And, you know, you can't, you know, you can't kind of replicate that. And it's an extraordinary thing because it was literally two years ago where we're sitting around saying, like, what can we do? What can anybody do with the Leinster football championship? It is over forever. And two years later, Dublin have been beaten twice. It's extraordinary how quickly that has changed.
Yeah, and this is a sort of tangential point, but the way the waves lap in the stadium in terms of atmosphere is so unique in GAA. Previously, we talked about soccer stadiums on the continent where it's kind of the same din for the entire match, whereas Westmead, a point and then a two-pointer, and then all of a sudden the Westmead chant comes up and that's kind of...
a uniquely provincial thing as well I think that's kind of half the problem with talk of getting rid of them that everybody's too like prematurely prompt to funnel everything into this All-Ireland Championship that a handful of teams or less can win whereas you saw Westmead last year this is something attainable all of a sudden and that's an invaluable commodity I think in any sport so and like Ulster as Conor was alluding to there was the bedrock of
you can't get rid of the provincial champions, but look at Ulster. But then coming into this one, everyone was like, well, it's going to be Armagh or Donegal and then Derry probably on the other side of the draw. And ironically, the result that lit the touch paper for an exciting Ulster campaign was Darren beating Donegal.
And then all of a sudden, the next day, people are like, could be the best thing that ever happened to Donegal. You know, they get a clear run now at the All-Ireland Series. So I think the scenes yesterday in Clonus and Croke Park showed they're worth winning in their own right. And that's generally been my position.

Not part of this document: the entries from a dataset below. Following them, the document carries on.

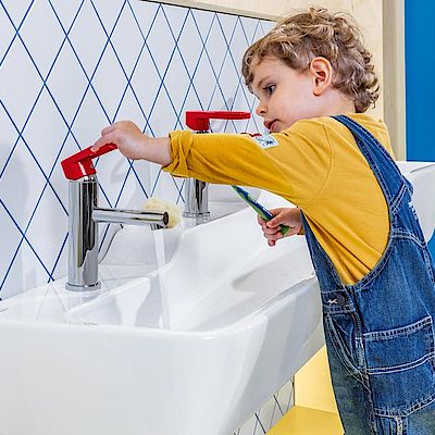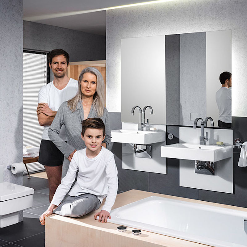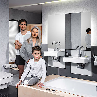 Im Familienbad sind reinigungsfreundliche Oberflächen das A und O der Badsanierung. Runde Waschbecken vermindern zudem das Verletzungsrisiko im gemeinsamen Bad. Ebenso sollten direkt mehrere Waschbecken in Ihrem neuen Bad einen Platz finden. So können Kinder und Eltern gleichzeitig das Bad nutzen. Wer bei der Badplanung direkt ein niedriges Kinderwaschbecken vorsieht, spart sich später die Wackelpartie aus dem Kinderhocker.
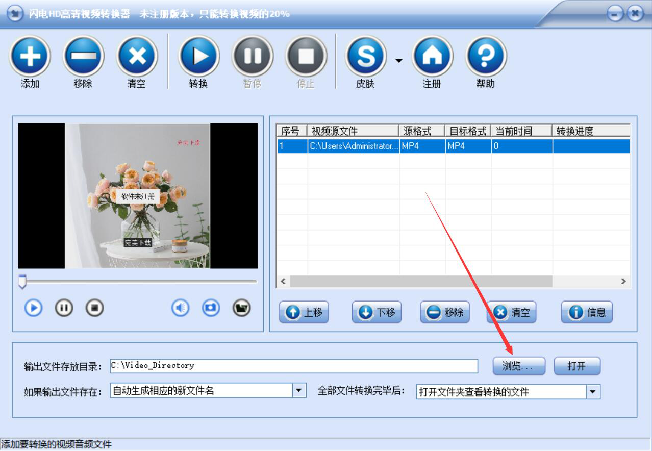 5、回到闪电HD高清视频转换器操作主界面,如果视频转换成高清格式后的文件存放目录需要更改,就点击“浏览”按钮。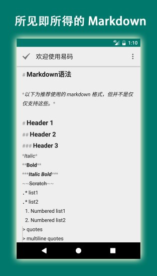 易码是一款简洁的笔记软件。摒弃文件夹的传统概念,以“库”为单位管理你的笔记。有点类似于“标签”概念,这样做的好处是你可以不用在手机上面对一层又一层文件夹列表,这在手机上是很费时间且不便捷的。

Yeah, and it felt that way, I must say. Some emails just before we get into the particulars of the game. You'll remember last week, Daniel Boland emailed in about the Forgotten County. And to prove the point, I asked Conor, who is the Forgotten County? And he had forgotten Westmeath, so I guess that was borne out.
So Tom wondered, anything to be said for an unfiltered Ronan and Frank Roach stream of consciousness pod in Joe's Shed after Armagh Westmeath? Is Joe's Shed kitted out for multiple in-studio guests in short notice? Is it? Why does it have to be in the shed? Well, that's where we do our emergency podcast. Oh, fair enough. Postmasters, I did it in the shed.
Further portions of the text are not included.